- **INFORMATION SHOWN**
- Opening Delimiter -

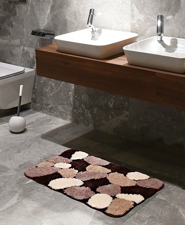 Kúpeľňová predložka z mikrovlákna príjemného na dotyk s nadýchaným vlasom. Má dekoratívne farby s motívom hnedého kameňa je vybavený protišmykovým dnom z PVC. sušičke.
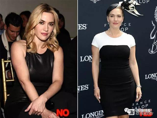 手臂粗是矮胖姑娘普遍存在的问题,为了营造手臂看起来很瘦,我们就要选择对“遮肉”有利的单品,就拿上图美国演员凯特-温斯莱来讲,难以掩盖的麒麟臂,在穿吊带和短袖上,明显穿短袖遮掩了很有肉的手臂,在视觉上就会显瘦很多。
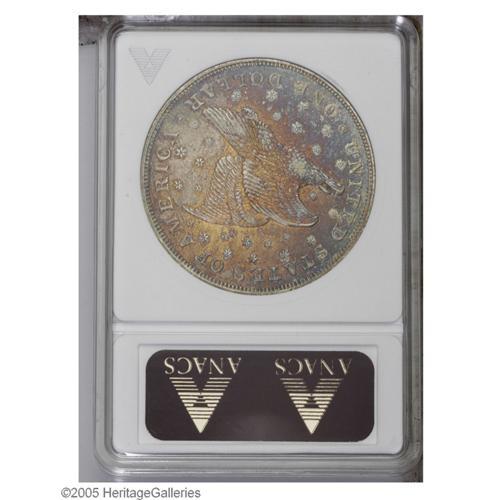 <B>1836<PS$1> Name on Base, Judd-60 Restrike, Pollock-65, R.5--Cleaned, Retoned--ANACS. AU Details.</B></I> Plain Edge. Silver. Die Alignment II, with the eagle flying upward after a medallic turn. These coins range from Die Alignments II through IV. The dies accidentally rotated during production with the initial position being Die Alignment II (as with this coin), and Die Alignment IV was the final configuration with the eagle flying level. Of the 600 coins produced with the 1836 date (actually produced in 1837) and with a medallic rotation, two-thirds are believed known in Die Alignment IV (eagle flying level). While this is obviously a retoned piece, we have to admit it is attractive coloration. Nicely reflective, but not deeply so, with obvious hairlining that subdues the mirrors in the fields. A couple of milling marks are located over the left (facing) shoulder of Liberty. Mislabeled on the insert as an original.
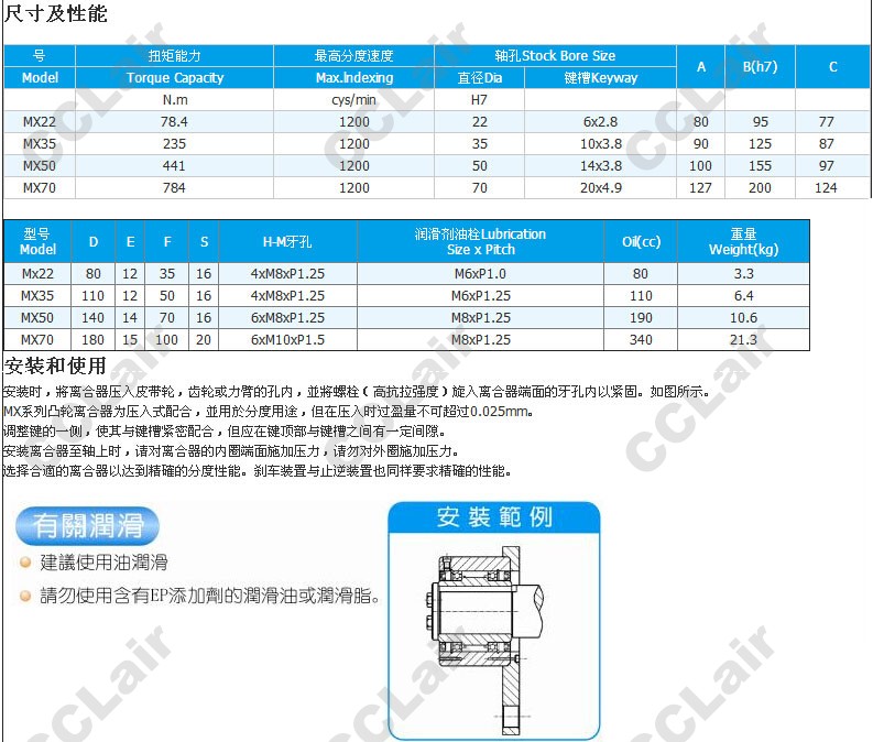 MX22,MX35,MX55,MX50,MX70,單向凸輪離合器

- Closing Delimiter -
- Opening Delimiter -

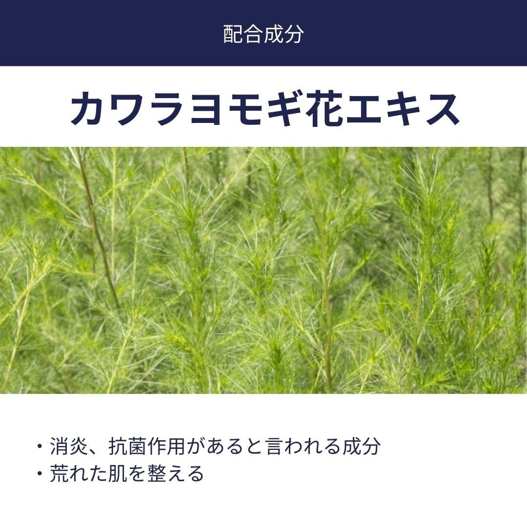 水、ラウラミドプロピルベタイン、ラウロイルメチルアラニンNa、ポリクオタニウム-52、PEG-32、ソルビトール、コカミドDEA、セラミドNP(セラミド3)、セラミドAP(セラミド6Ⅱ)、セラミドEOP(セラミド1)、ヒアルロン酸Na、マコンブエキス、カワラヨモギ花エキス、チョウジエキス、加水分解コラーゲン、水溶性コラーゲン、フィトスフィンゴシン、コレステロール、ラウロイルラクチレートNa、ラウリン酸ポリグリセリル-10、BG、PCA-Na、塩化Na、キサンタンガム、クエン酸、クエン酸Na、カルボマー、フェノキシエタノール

- Closing Delimiter -
- Opening Delimiter -

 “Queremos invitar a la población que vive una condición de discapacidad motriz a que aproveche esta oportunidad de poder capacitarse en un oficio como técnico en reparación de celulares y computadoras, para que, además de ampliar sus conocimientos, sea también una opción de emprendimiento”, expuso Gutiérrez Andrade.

- Closing Delimiter -

- **ACTIVITY**
Which part of the entries opens with the line containing "Kúpeľňová predložka z" and closes with the line containing "手臂粗是矮胖姑娘普遍存在的问"? Output that part exactly, ends included, pictures excluded.

- **EXERCISE RESPONSE**
 Kúpeľňová predložka z mikrovlákna príjemného na dotyk s nadýchaným vlasom. Má dekoratívne farby s motívom hnedého kameňa je vybavený protišmykovým dnom z PVC. sušičke.
 手臂粗是矮胖姑娘普遍存在的问题,为了营造手臂看起来很瘦,我们就要选择对“遮肉”有利的单品,就拿上图美国演员凯特-温斯莱来讲,难以掩盖的麒麟臂,在穿吊带和短袖上,明显穿短袖遮掩了很有肉的手臂,在视觉上就会显瘦很多。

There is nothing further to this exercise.